The worker also can be added after the cluster is created.

  1. Go to Clusters page.
  2. Find the cluster which you want to add workers.
  3. Click the ellipsis button in the operations column, then select Add Worker.
  4. Select the options to add worker. Following the same steps as above, from Select the GPU vendor to Run command.

Register Kubernetes Cluster

  1. In the Basic Configuration step, the Name field is required and Description is optional.
  2. Click Save.
  3. Select the GPU vendor. Tested vendors include Nvidia, AMD, and Ascend. Experimental vendors include Hygon, Moore Threads, Iluvatar, Cambricon, and Metax. Click Next after selecting a vendor.
  4. Check environment. A shell command is provided to verify that your environment is ready to add a worker. Copy the script and run it in your environment. Click Next after the script returns OK.
  5. Run command to apply the worker manifests. Copy the bash script and run it in an environment where kubectl is installed and kubeconfig is configured.

The kubernetes can be registerred after the cluster is created.

  1. Go to Clusters page.
  2. Find the cluster which you want to register the Kubernetes cluster.
  3. Click the ellipsis button in the operations column, then select Register Cluster.
  4. Select the options to register cluster.

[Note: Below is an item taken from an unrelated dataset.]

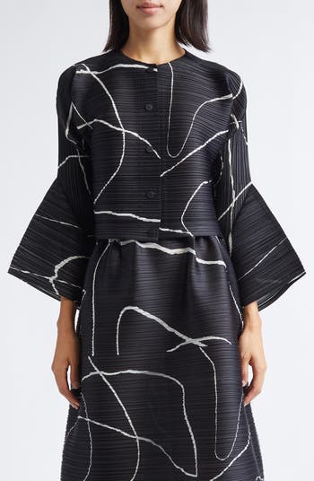 Softly structured with Issey Miyake’s signature garment pleating, this wrinkle-resistant, travel-friendly cardigan blurs the lines between fashion and art with its sculptural shape and abstract print that feels alive with movement.
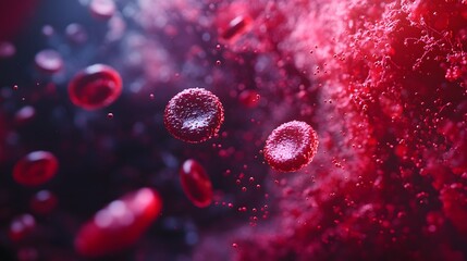 Red Blood Cell Microscopic View with Pink Fluid on Dark Crimson Background

Following the same steps as abovve, from Select the GPU vendor to Run command.

Creating DigitalOcean Cluster

  1. In the Basic Configuration step, the Name field is required and Description is optional. Create or select a Cloud Credential to use to communicate to DigitalOcean API. Select the Region from the regions have GPU Droplet to create.
  2. Click Next.
  3. Adding one or more Worker Pools. For each pool, Name, Instance Type, OS Image, Replicas, Batch Size, Labels and Volumes can be specified.
  4. Click Save after the worker pools are configured.

The worker poll can be added after the cluster is created.

  1. Go to Clusters page.
  2. Find the DigitalOcean cluster which you want to add worker pool.
  3. Click the ellipsis button in the operations column, then select Add Worker Pool
  4. Adding new worker pool with options from Step 3 above.

Operating Worker Pools

You can manage worker pools for DigitalOcean clusters on the Clusters page:

  1. Go to the Clusters page.
  2. Find the DigitalOcean cluster you want to manage and expand it to view its worker pools.
  3. To edit the replica count for a worker, modify it directly in the worker column.
  4. To edit a worker pool, click the Edit button and update the Name, Replica, Batch Size, and Labels as needed.
  5. To delete a worker pool, click the ellipsis button in the operations column for the worker pool, then select Delete.

Update Cluster

  1. Go to the Clusters page.
  2. Find the cluster which you want to edit.
  3. Click the Edit button.
  4. Update the Name, and Description as needed.
  5. Click the Save button.

Delete Cluster

  1. Go to the Clusters page.
  2. Find the cluster which you want to delete.
  3. Click the ellipsis button in the operations column, then select Delete.
  4. Confirm the deletion.
  5. You cannot delete a cluster if there are any models or workers still present in it.